A Short Tour of an Astronomical Inference

Goals:

  • Understand what is meant by "data", "noise", and "models"
  • Gain some appreciation for what astronomical data is like, and what astronomers are typically trying to do

References

  • Ivezic Chapter 1, sections 1.1, 1.2, 1.4, 1.5, and Chapter 3, section 3.2.

Data analysis

  • What is data?

  • How should we think about data in science?

You probably already have an unarticulated but likely strong sense of what data is: like many other obvious things, you know it when you see it.

One of our tasks will be to define what we mean by data mathematically, but we'll start by exploring a simple example astronomical data analysis.

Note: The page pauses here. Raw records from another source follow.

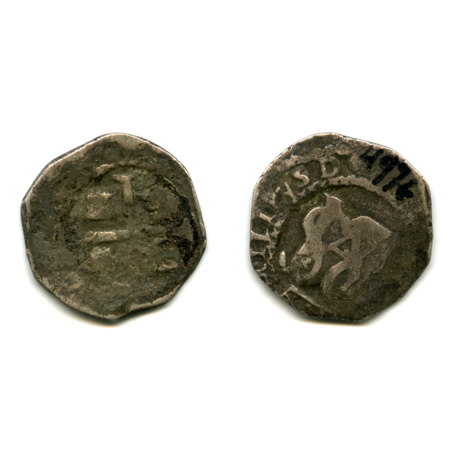 Forma circular irregular. Fabricada en metal de color plateado. El anverso presenta, iniciales en sobre relieve inscrita en círculo y letras. La cara opuesta una cruz cuartelada con castillos y leones.
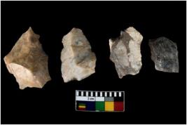 | Description / विवरण | There are n 4 of utilized worked cores. They show multidirectional irregular scar pattern and have sharp edges. Two are tapering on one end. |
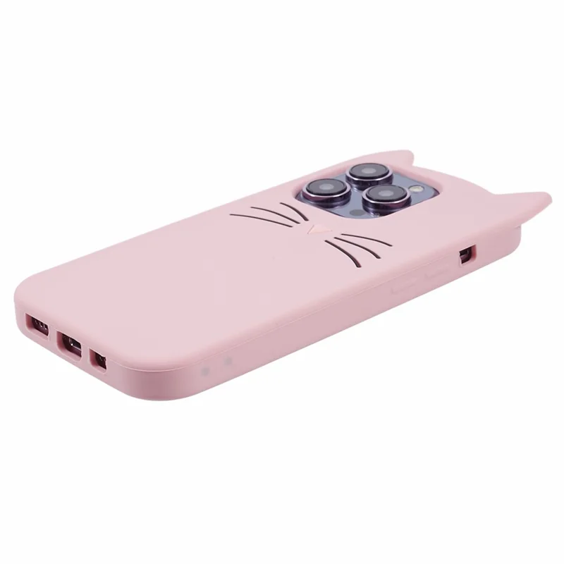 For iPhone 14 Pro Max Flexible Phone Case 3D Moustache Cat Silicone Phone Cover - Pink

Where do astronomical data come from?

  • Propose observations
  • Observe sky, collect and "reduce" data
  • Explore and summarize reduced data
  • Hypothesize, and test
  • Interpret, conclude, speculate
  • Report

This course concerns the parts of the investigation in bold.

An Example Image Dataset

  • In optical, X-ray and gamma-ray astronomy, the most basic datasets are images

  • Images can be 2D, from cameras, or 1D, from spectrographs, or 3D, from IFUs (integral field units).

  • Image data come packaged as an array of numbers, which we can visualize, and do calculations with.

Let's look at some X-ray image data from the XMM satellite, for the galaxy cluster A1835.

What is "data"?

  • Data are constants (usually numbers)

  • That we are handed (typically in a data file)

  • That we hope to learn something from.

Uncertainty

Here's a zoomed in view of the central part of the A1835 XMM image:

Learning from data

  • Data analysis is central to the scientific process: statistical inference is the mathematical formalization of learning.

  • The formalism is important: hypothesizing, testing, and inteprreting are all potentially very messy.